Extract the run of lines that starts at the top of the records below and ends at the line with "automate your reporting", keeping both ends and excluding pictures.

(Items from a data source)

——

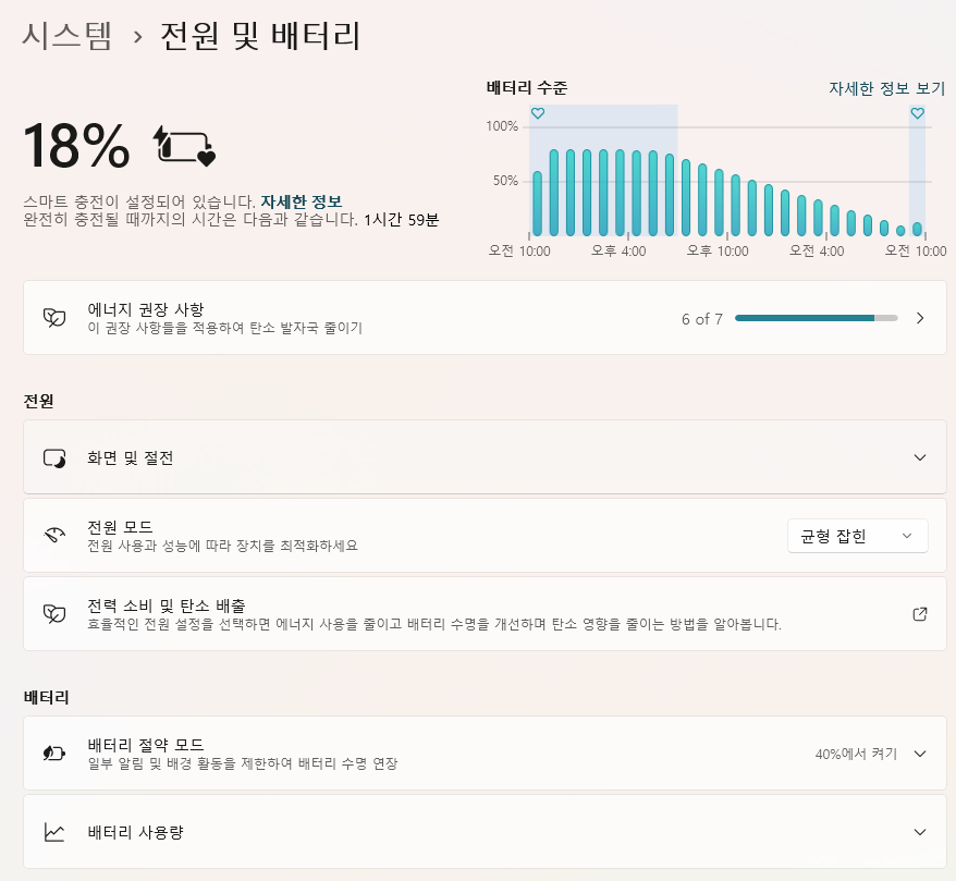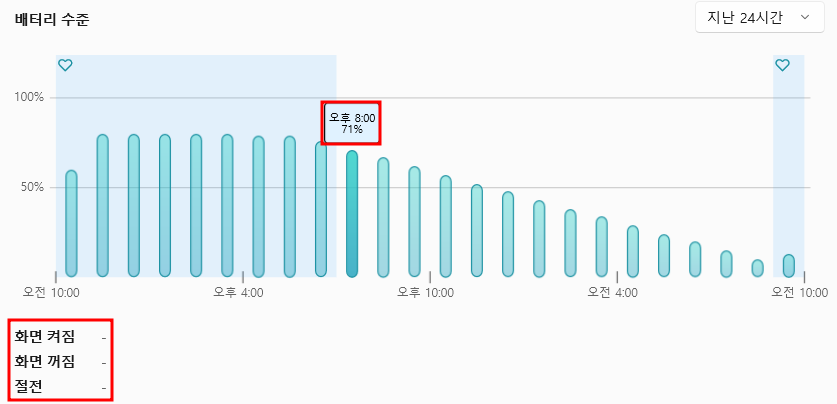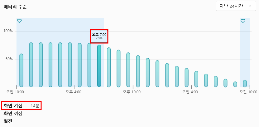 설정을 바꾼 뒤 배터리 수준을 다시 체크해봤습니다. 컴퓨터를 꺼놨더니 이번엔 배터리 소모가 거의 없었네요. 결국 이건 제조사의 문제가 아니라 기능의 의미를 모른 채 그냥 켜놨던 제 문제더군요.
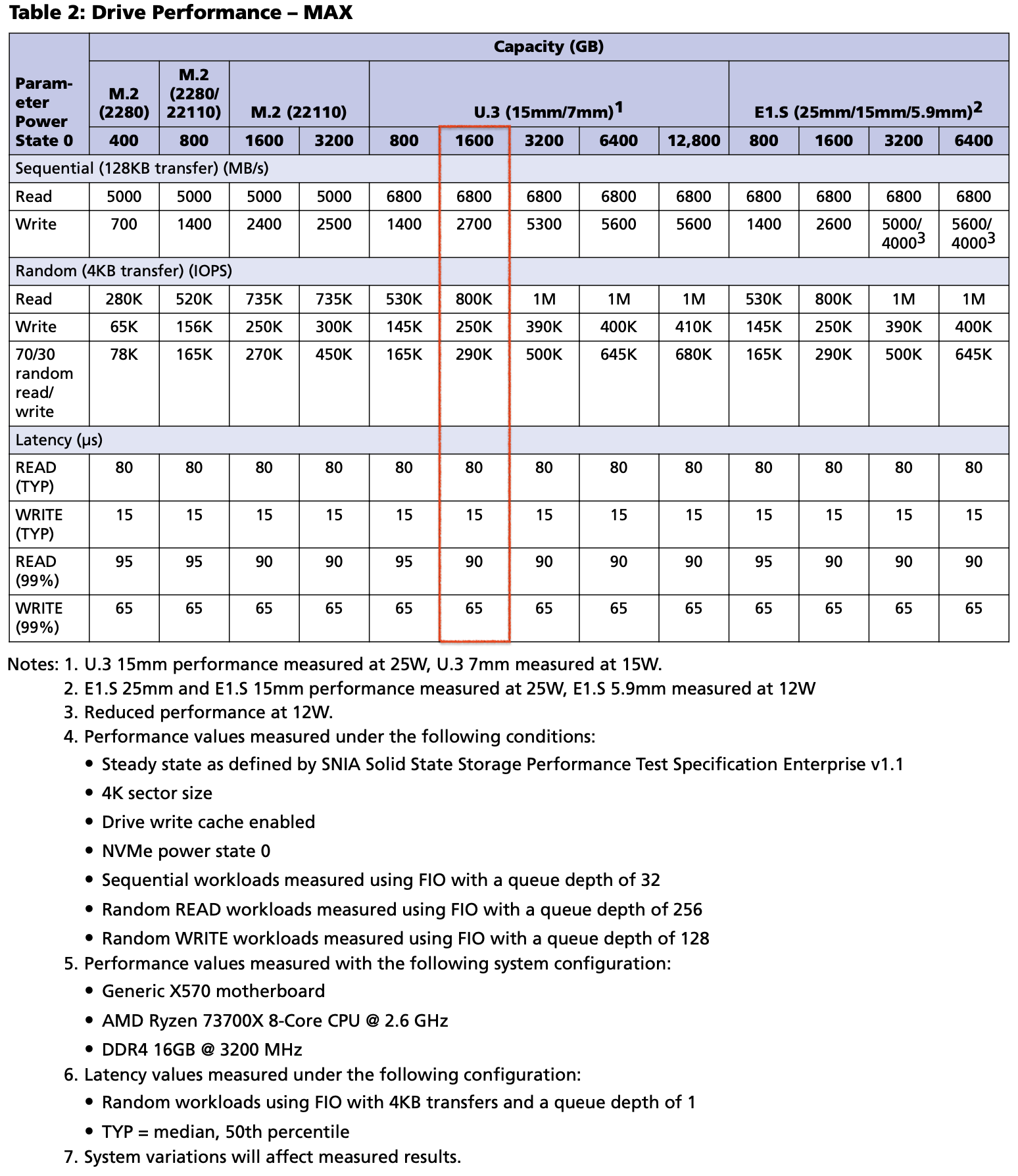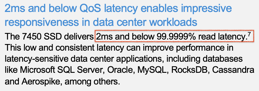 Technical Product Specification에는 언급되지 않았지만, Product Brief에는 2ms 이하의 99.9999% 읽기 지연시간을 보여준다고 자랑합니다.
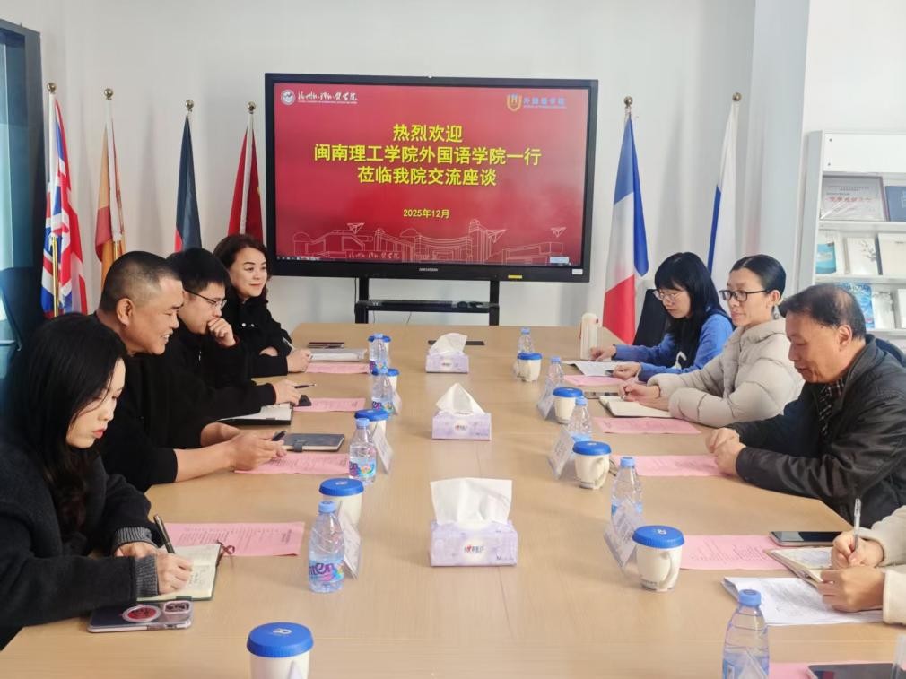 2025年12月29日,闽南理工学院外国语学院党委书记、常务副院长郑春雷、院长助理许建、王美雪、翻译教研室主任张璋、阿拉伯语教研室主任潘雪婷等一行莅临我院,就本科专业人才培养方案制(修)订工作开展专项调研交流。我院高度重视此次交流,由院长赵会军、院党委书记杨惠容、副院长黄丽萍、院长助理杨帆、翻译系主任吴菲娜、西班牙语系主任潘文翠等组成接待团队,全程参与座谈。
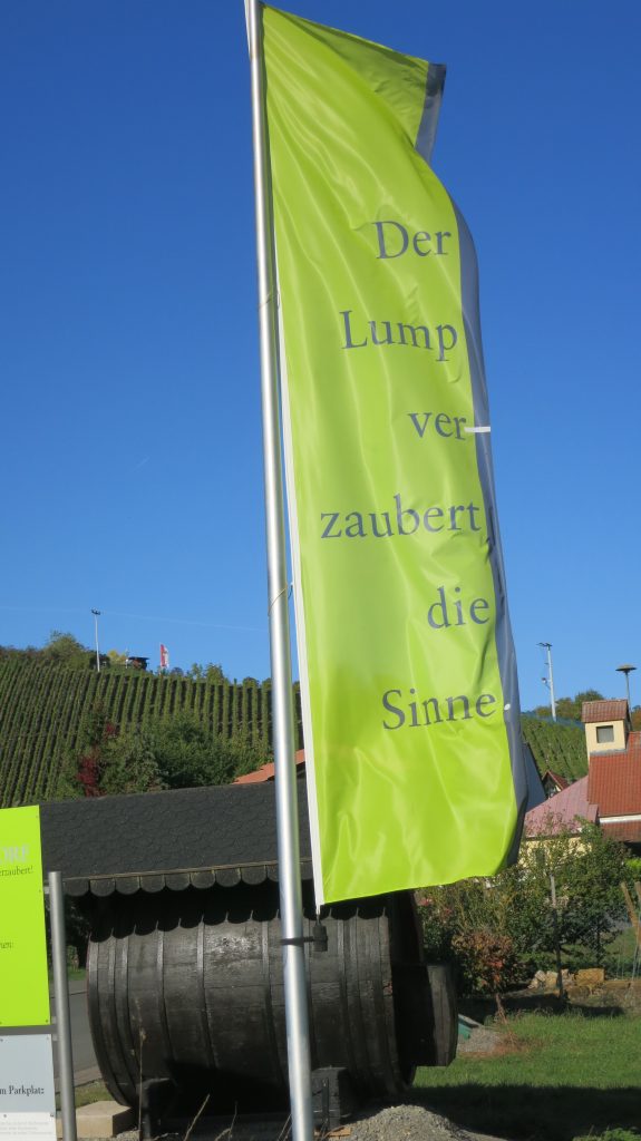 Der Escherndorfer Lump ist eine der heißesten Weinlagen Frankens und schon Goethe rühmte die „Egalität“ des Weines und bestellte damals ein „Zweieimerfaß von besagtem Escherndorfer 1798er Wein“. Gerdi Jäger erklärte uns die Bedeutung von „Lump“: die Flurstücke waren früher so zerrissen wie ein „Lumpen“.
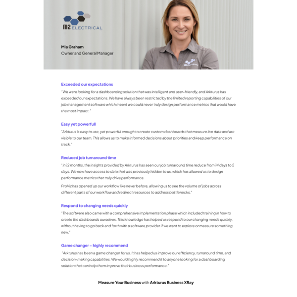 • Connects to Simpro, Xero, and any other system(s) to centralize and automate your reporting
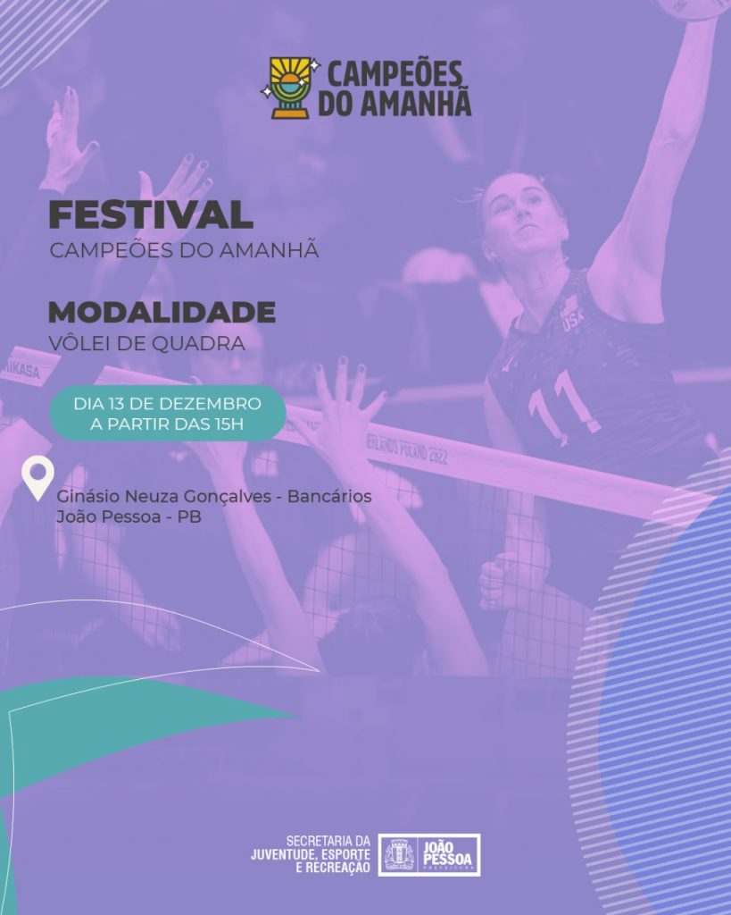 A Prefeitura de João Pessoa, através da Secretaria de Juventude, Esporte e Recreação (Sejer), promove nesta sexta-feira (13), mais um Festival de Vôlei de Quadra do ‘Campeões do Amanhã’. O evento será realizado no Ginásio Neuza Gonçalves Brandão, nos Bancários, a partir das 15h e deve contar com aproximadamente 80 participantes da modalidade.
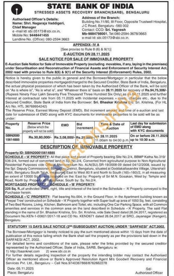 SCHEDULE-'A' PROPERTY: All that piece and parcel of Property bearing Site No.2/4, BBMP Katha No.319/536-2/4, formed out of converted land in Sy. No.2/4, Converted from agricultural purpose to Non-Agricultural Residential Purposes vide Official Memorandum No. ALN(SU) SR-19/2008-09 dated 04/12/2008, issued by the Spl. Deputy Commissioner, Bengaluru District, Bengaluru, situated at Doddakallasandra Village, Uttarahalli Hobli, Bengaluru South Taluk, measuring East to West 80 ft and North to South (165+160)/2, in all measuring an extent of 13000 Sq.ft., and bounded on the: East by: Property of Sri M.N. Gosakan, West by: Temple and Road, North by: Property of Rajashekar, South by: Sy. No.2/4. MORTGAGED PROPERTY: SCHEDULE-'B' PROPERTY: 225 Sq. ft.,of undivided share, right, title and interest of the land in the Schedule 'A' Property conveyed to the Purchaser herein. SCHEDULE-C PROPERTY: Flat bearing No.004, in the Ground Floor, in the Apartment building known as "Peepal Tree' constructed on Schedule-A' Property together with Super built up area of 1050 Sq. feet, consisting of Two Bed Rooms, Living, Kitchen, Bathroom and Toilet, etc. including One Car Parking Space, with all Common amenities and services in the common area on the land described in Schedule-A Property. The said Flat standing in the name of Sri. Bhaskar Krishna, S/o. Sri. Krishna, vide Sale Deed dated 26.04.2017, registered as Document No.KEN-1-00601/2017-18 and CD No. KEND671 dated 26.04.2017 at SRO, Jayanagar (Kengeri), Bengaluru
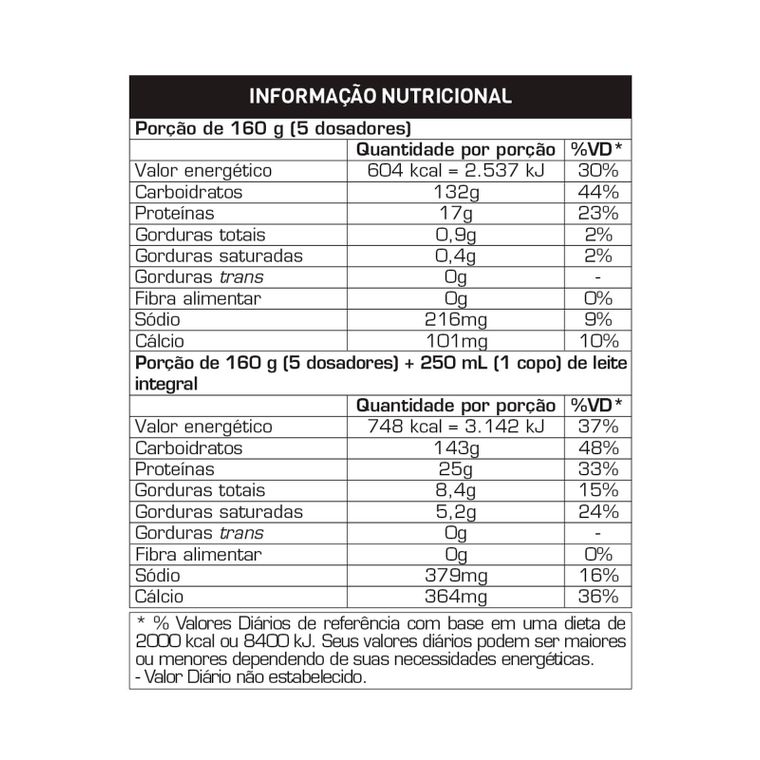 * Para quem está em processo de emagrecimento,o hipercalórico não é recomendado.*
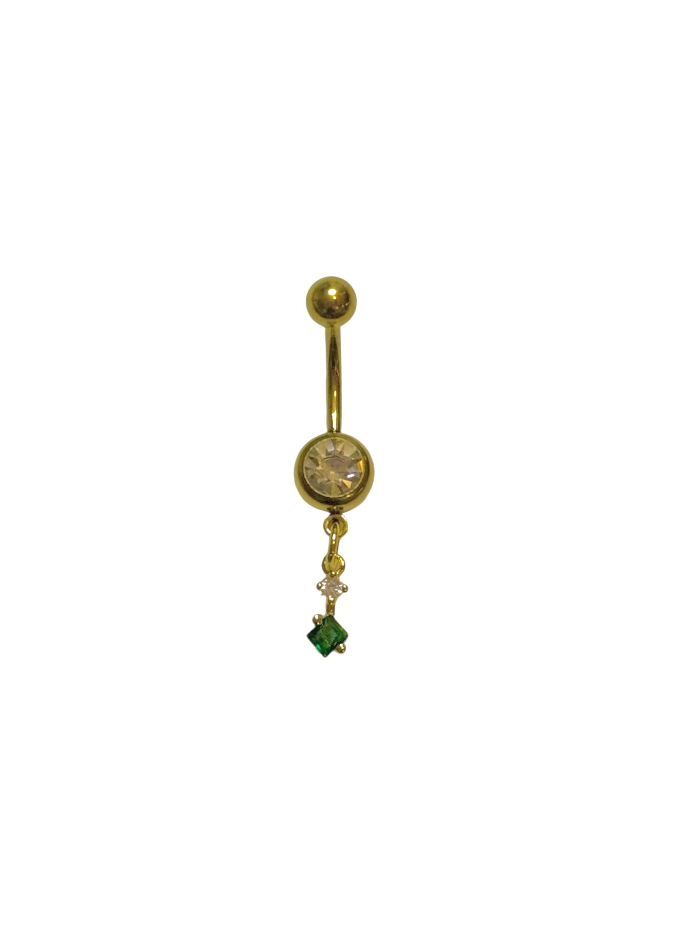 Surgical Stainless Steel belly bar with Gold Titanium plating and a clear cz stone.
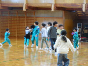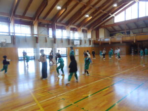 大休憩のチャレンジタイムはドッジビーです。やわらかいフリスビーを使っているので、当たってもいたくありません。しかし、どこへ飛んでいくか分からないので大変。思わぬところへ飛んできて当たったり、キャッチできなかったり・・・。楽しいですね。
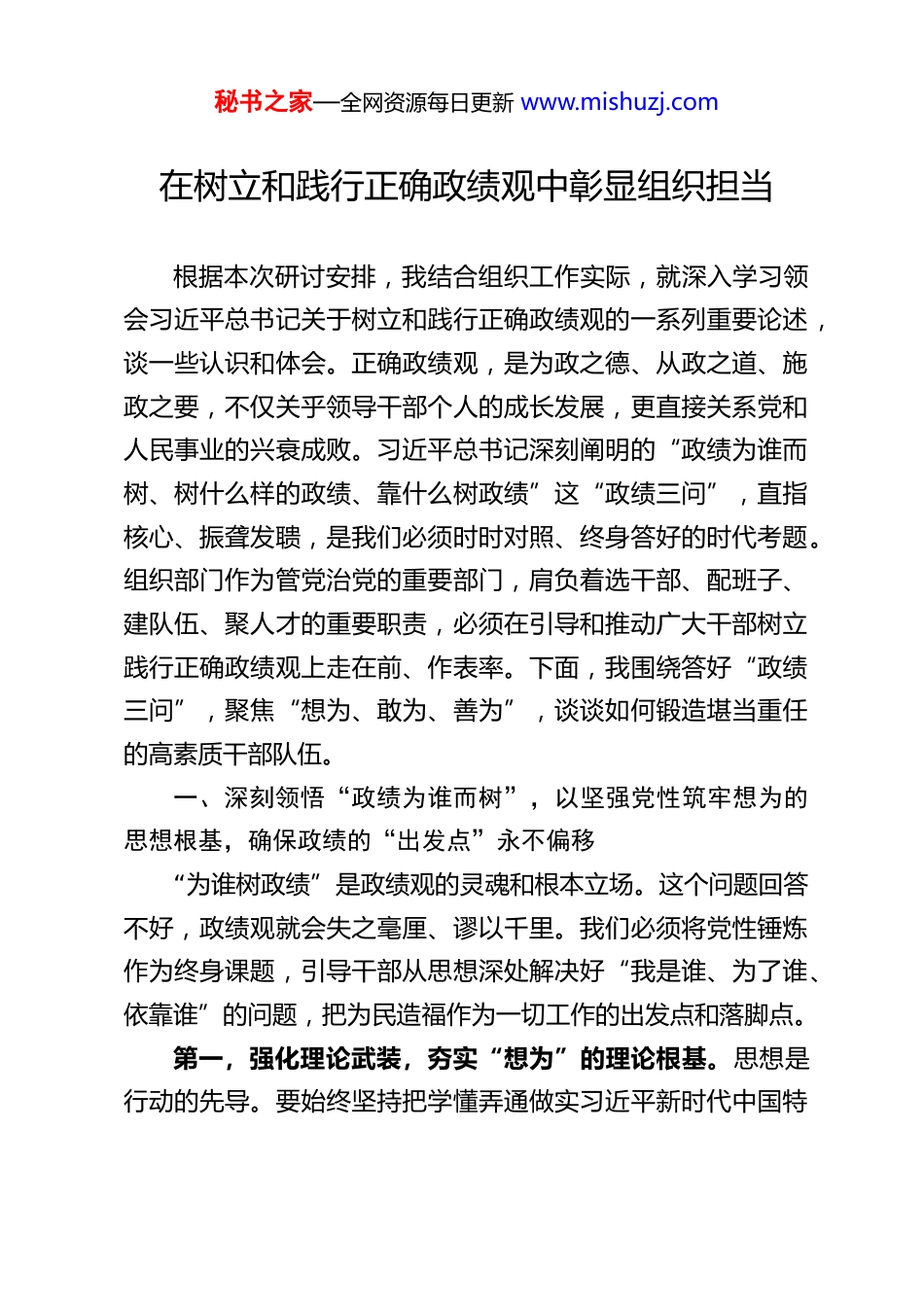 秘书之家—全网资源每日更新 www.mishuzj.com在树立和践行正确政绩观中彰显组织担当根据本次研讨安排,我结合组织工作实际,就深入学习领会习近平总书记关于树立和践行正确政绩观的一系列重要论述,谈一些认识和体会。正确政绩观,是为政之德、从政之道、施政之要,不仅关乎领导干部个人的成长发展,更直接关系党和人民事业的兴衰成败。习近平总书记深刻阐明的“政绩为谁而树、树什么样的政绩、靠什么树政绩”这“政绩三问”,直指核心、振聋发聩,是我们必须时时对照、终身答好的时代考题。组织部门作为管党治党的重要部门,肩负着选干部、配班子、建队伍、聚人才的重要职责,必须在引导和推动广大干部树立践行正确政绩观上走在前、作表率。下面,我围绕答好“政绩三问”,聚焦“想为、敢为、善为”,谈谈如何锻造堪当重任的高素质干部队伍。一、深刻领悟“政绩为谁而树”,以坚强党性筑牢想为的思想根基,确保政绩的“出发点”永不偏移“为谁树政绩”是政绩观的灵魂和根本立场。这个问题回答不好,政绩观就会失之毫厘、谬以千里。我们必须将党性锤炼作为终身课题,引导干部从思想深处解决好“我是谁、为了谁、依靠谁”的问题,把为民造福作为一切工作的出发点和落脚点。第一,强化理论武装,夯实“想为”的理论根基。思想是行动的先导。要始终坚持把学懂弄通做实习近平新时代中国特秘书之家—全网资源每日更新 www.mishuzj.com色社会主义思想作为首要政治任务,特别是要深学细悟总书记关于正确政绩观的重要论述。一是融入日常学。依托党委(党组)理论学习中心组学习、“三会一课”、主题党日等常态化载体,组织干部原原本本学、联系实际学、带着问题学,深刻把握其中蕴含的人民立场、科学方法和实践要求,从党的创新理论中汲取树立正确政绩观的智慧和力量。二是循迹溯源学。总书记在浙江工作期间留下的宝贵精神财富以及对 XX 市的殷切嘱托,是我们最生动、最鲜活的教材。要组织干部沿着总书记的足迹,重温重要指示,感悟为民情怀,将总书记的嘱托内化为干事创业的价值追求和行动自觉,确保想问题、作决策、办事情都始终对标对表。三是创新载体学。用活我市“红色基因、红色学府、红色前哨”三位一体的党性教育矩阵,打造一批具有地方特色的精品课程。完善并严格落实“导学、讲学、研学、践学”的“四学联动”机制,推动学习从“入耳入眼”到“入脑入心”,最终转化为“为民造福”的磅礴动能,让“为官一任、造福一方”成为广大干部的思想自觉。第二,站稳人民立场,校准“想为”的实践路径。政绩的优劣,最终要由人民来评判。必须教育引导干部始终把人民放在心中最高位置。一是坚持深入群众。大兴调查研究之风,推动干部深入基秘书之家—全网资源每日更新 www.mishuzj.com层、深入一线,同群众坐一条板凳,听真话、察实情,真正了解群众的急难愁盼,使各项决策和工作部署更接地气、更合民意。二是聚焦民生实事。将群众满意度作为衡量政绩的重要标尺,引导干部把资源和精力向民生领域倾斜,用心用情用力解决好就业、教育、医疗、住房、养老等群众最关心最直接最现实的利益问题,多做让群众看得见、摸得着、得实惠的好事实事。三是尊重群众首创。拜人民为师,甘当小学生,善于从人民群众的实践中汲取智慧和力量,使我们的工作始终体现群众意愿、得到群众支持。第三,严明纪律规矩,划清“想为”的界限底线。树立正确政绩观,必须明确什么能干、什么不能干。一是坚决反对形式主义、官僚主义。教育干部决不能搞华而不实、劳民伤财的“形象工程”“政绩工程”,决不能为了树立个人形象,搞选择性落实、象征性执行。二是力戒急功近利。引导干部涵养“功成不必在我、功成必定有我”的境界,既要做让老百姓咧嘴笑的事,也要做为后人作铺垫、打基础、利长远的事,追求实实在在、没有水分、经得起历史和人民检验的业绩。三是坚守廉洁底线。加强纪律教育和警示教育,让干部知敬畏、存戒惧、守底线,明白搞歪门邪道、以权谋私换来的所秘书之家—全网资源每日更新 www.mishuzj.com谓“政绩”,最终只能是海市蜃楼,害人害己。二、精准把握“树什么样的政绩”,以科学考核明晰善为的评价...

——

__ANSWER BELOW__.
 설정을 바꾼 뒤 배터리 수준을 다시 체크해봤습니다. 컴퓨터를 꺼놨더니 이번엔 배터리 소모가 거의 없었네요. 결국 이건 제조사의 문제가 아니라 기능의 의미를 모른 채 그냥 켜놨던 제 문제더군요.
 Technical Product Specification에는 언급되지 않았지만, Product Brief에는 2ms 이하의 99.9999% 읽기 지연시간을 보여준다고 자랑합니다.
 2025年12月29日,闽南理工学院外国语学院党委书记、常务副院长郑春雷、院长助理许建、王美雪、翻译教研室主任张璋、阿拉伯语教研室主任潘雪婷等一行莅临我院,就本科专业人才培养方案制(修)订工作开展专项调研交流。我院高度重视此次交流,由院长赵会军、院党委书记杨惠容、副院长黄丽萍、院长助理杨帆、翻译系主任吴菲娜、西班牙语系主任潘文翠等组成接待团队,全程参与座谈。
 Der Escherndorfer Lump ist eine der heißesten Weinlagen Frankens und schon Goethe rühmte die „Egalität“ des Weines und bestellte damals ein „Zweieimerfaß von besagtem Escherndorfer 1798er Wein“. Gerdi Jäger erklärte uns die Bedeutung von „Lump“: die Flurstücke waren früher so zerrissen wie ein „Lumpen“.
 • Connects to Simpro, Xero, and any other system(s) to centralize and automate your reporting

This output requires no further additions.